Scotland Yard to submit Benazir report soon
The Scotland Yard team that investigated the assassination of former Pakistan PM Benazir Bhutto is expected to hand over the report to the government on Friday.
The Scotland Yard team that investigated the assassination of former Pakistan prime minister Benazir Bhutto is expected to hand over the report to the government on Friday.
"The Scotland Yard team has arrived and would be handing over the first report to the authorities Friday," an official of the interior ministry said on Thursday.
The Scotland Yard team was in Pakistan in January, soon after Bhutto's death in a gun and bomb attack in the garrison town of Rawalpindi on Dec 27.
President Pervez Musharraf had invited the Scotland Yard team after he had ruled out demands by Bhutto's Pakistan Peoples Party (PPP) for a probe by the UN. But Musharraf admitted that Pakistani investigators had made mistakes in the initial probe of the murder.
During their three-week stay in Pakistan, eight detectives collected forensic evidence, reconstructed the crime scene and recorded statements from witnesses and the medical team that tried to revive Bhutto after the attack.
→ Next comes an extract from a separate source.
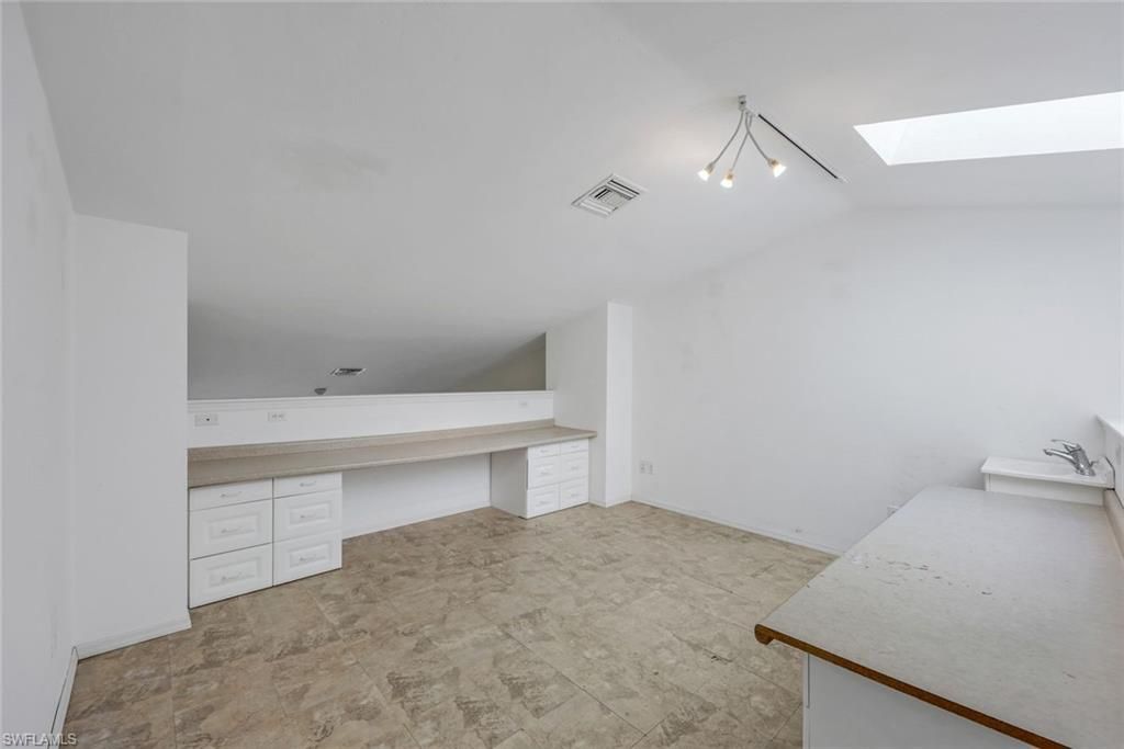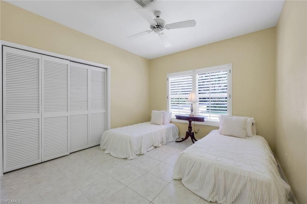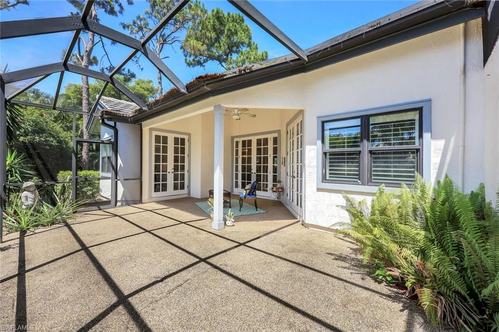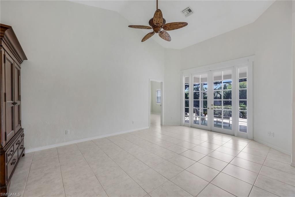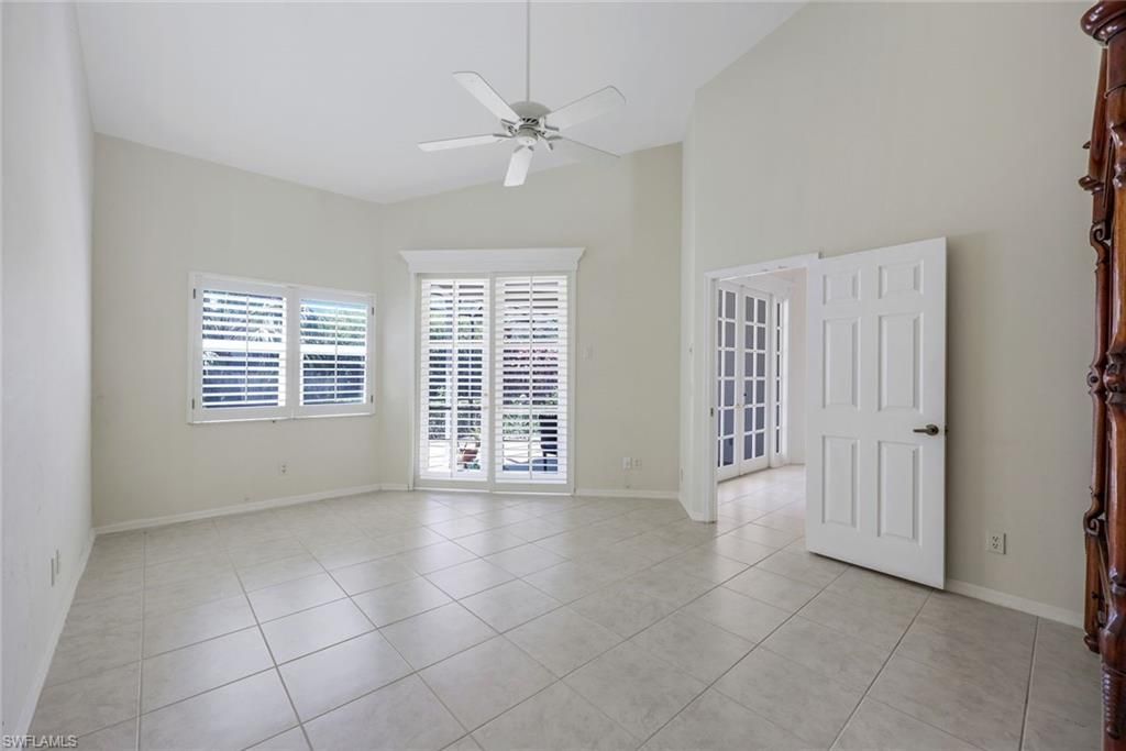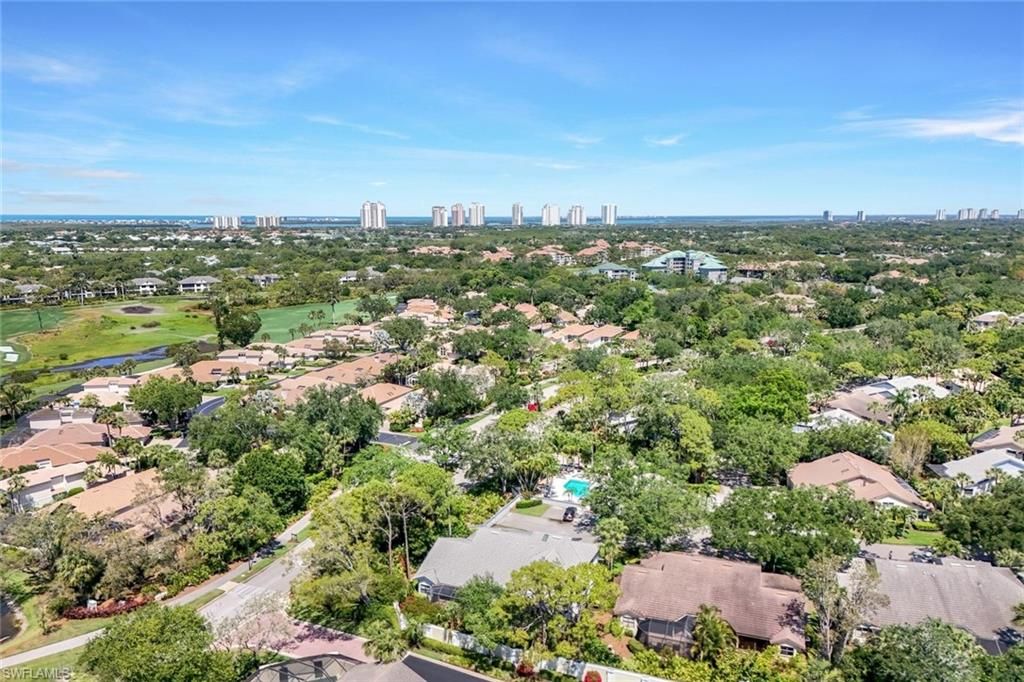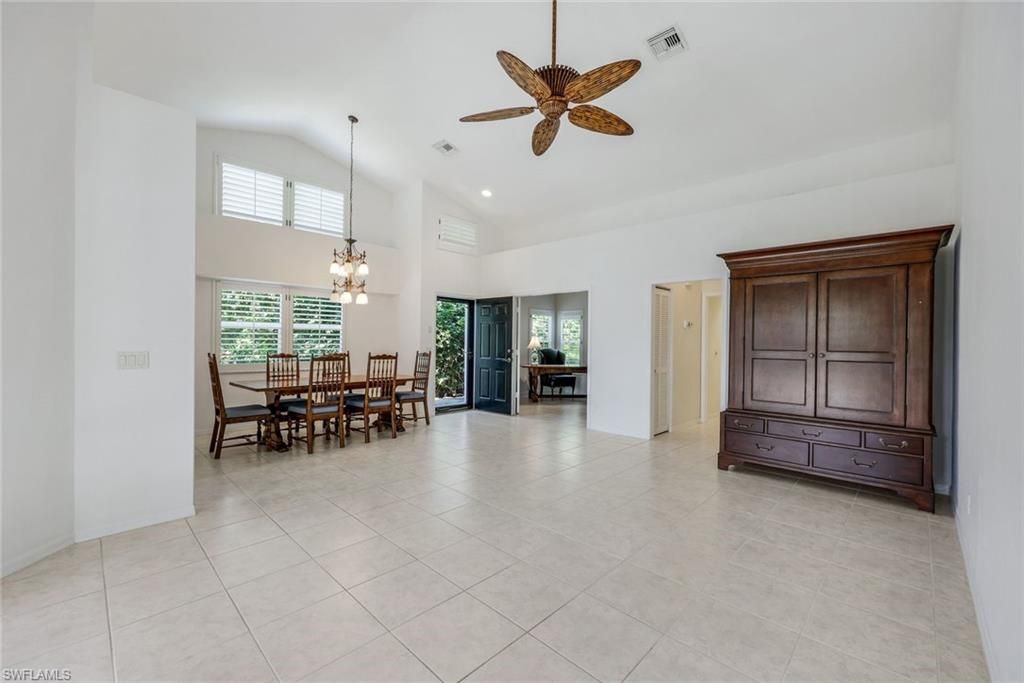 Burning Tree in Bonita Bay is an intimate neighborhood that captures the charm of old Florida. Quaintly nestled among mature oak trees, this home features two bedrooms, a den, a loft/bonus/art studio with skylight, and two bathrooms. The kitchen features wood cabinets, tile countertops, and all appliances, along with a sunlit breakfast nook. The volume ceilings contribute to the spacious feel of the casual dining room and great room, which opens onto an oversized lanai. The spacious main bedroom features access to the lanai through sliding glass doors and includes a main bathroom, as well as two walk-in closets. Adjacent to the great room is the den, while the guest bedroom is located down the hall with a full bathroom, providing privacy for your guests. The home has impact glass windows and plantation shutters.Additionally, there is a two-car garage for storing your toys and tools. The Burning Tree neighborhood provides a heated swimming pool with a pavilion. You can easily walk to nearby restaurants and attractions like the Promenade, Publix, and Bonita's famous Farmers Market. Bonita Bay boasts miles of hiking and biking trails, three waterfront parks offering canoe and kayak access, a private marina with an on-site restaurant, a private beach club, and numerous other activities. Optional membership to the Bonita Bay Club offers access to three championship golf courses, dining, a fitness center, a tennis and pickleball complex, a resort-style pool, and much more.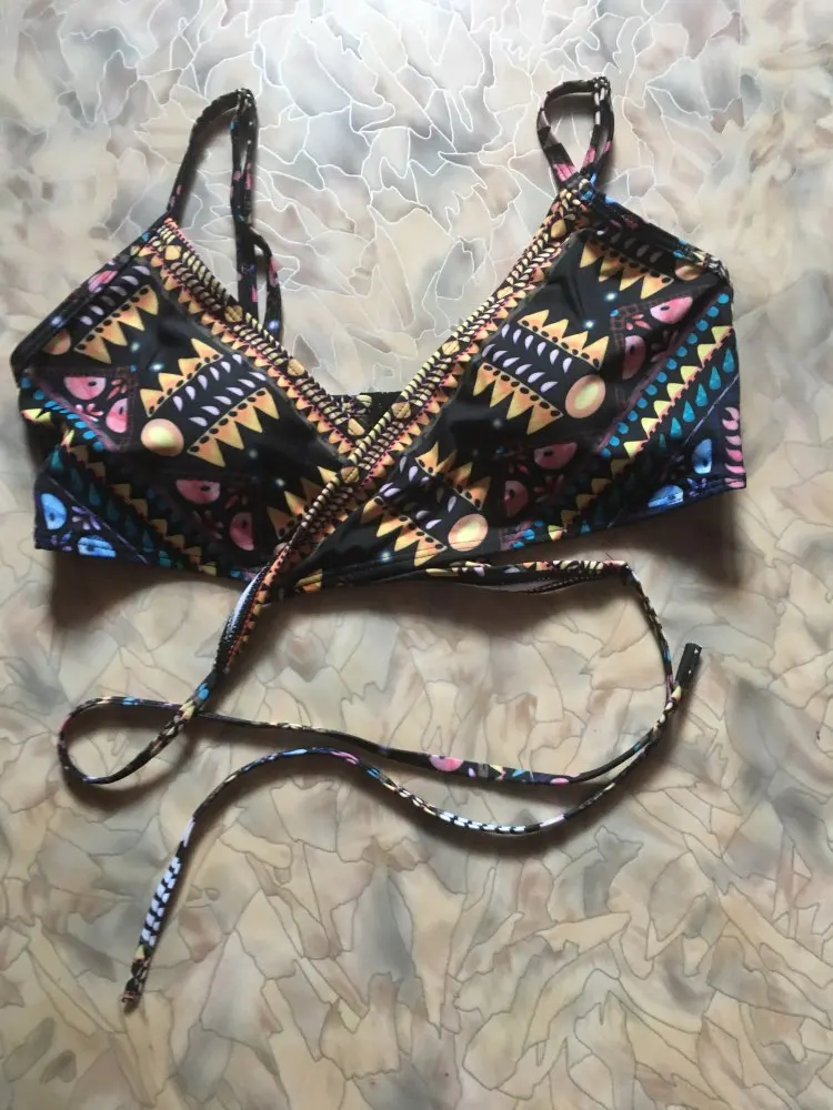 Panties are small in size for about 1 size. The table for L shows 94-102. I have 100. Tugovato. Will have to lengthen the inserts-rubber bands on the side. Model top autumn liked, transformer. Suitable for several sizes, probably, the straps can be made criss-cross, foam inserts take out-add, tie a little different. Sewn well. Material, pattern, color match

Asked if the team would investigate further, the official said it would depend on the circumstances.
The government has frequently said the investigators' task was to give their opinion on the cause of Bhutto's death to bring to an end a controversy over exactly how she died.
Initially, the government said the former two-time prime minister died from a fatal blow to the skull when she hit the sunroof while hurriedly withdrawing into a vehicle after a powerful suicide blast at an election rally.
But her party and media reports said she died of wounds from bullets fired by an assassin from very close range as she stood waving to party workers.
Musharraf later admitted that it was possible Bhutto might have been shot dead.
Bhutto had accused several senior government and intelligence officials of plotting to kill her following a double suicide attack on a parade to welcome her home from exile in October.
The government has said it would make Scotland Yard's findings public.